→ PROBLEM DETAILS:
Omit all pictures and transcribe only the lines in the entries below that run from the line with "日本共立KYORISTU 高压绝缘电阻测试仪 KEW 3128" through the line with "3 апреля 2022".

→ DATA SHOWN:
· · ·
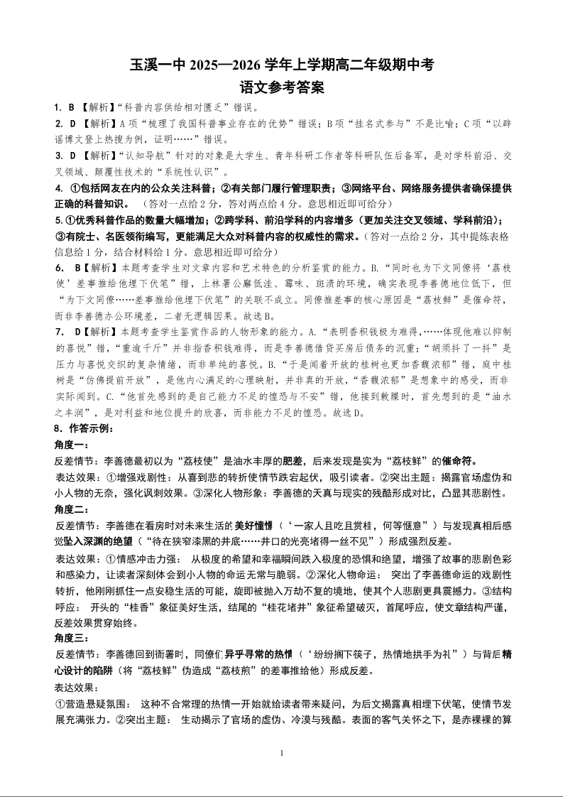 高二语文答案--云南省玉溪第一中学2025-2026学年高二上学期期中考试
· · ·
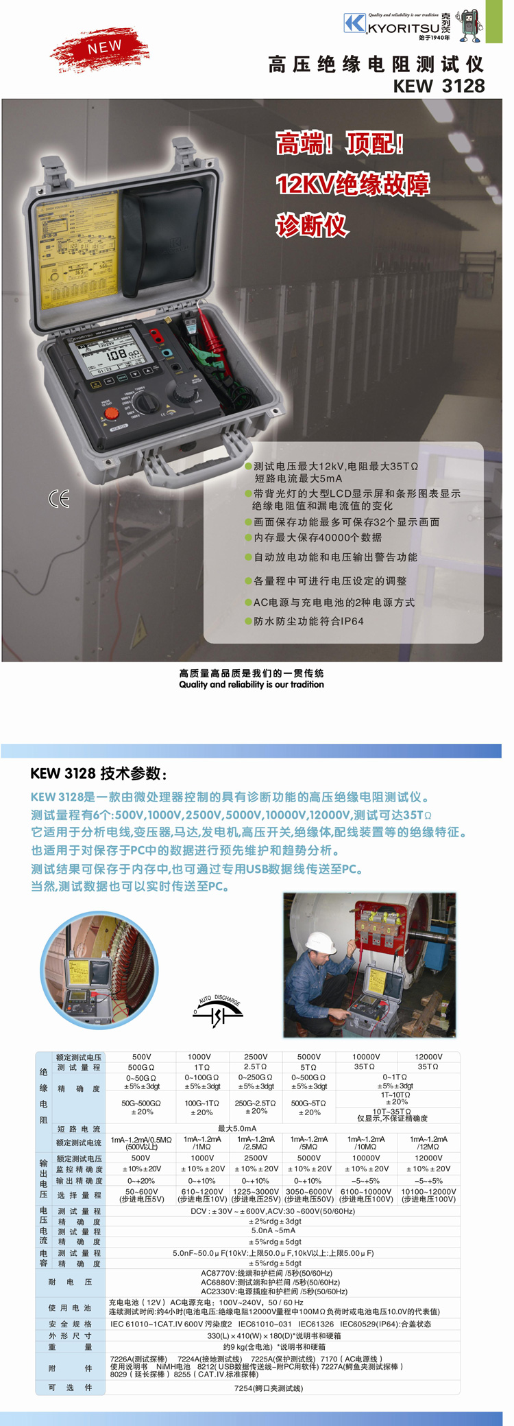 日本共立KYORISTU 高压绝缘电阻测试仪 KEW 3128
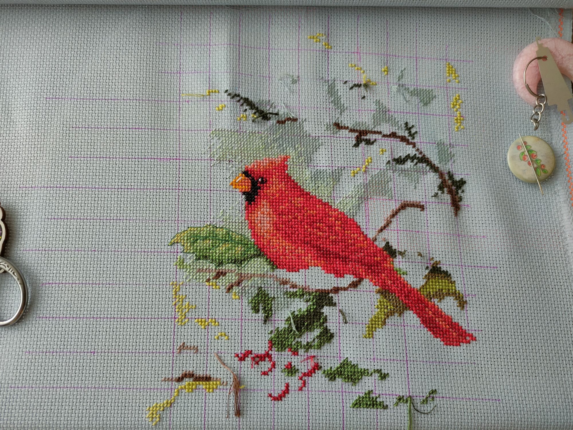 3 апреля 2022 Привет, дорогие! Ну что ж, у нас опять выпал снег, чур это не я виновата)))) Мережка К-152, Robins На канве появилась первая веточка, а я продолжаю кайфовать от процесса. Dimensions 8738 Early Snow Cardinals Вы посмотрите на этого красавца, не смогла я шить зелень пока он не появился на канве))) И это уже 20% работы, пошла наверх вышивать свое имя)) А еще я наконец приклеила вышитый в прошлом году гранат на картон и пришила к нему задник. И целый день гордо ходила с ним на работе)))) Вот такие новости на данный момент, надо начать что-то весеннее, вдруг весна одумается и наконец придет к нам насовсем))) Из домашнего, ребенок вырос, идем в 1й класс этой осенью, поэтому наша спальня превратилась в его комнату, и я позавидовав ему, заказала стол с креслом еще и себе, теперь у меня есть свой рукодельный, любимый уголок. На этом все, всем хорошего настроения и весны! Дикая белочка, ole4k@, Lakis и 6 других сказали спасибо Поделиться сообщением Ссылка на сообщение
· · ·
→ ANSWER SECTION:
 日本共立KYORISTU 高压绝缘电阻测试仪 KEW 3128
 3 апреля 2022 Привет, дорогие! Ну что ж, у нас опять выпал снег, чур это не я виновата)))) Мережка К-152, Robins На канве появилась первая веточка, а я продолжаю кайфовать от процесса. Dimensions 8738 Early Snow Cardinals Вы посмотрите на этого красавца, не смогла я шить зелень пока он не появился на канве))) И это уже 20% работы, пошла наверх вышивать свое имя)) А еще я наконец приклеила вышитый в прошлом году гранат на картон и пришила к нему задник. И целый день гордо ходила с ним на работе)))) Вот такие новости на данный момент, надо начать что-то весеннее, вдруг весна одумается и наконец придет к нам насовсем))) Из домашнего, ребенок вырос, идем в 1й класс этой осенью, поэтому наша спальня превратилась в его комнату, и я позавидовав ему, заказала стол с креслом еще и себе, теперь у меня есть свой рукодельный, любимый уголок. На этом все, всем хорошего настроения и весны! Дикая белочка, ole4k@, Lakis и 6 других сказали спасибо Поделиться сообщением Ссылка на сообщение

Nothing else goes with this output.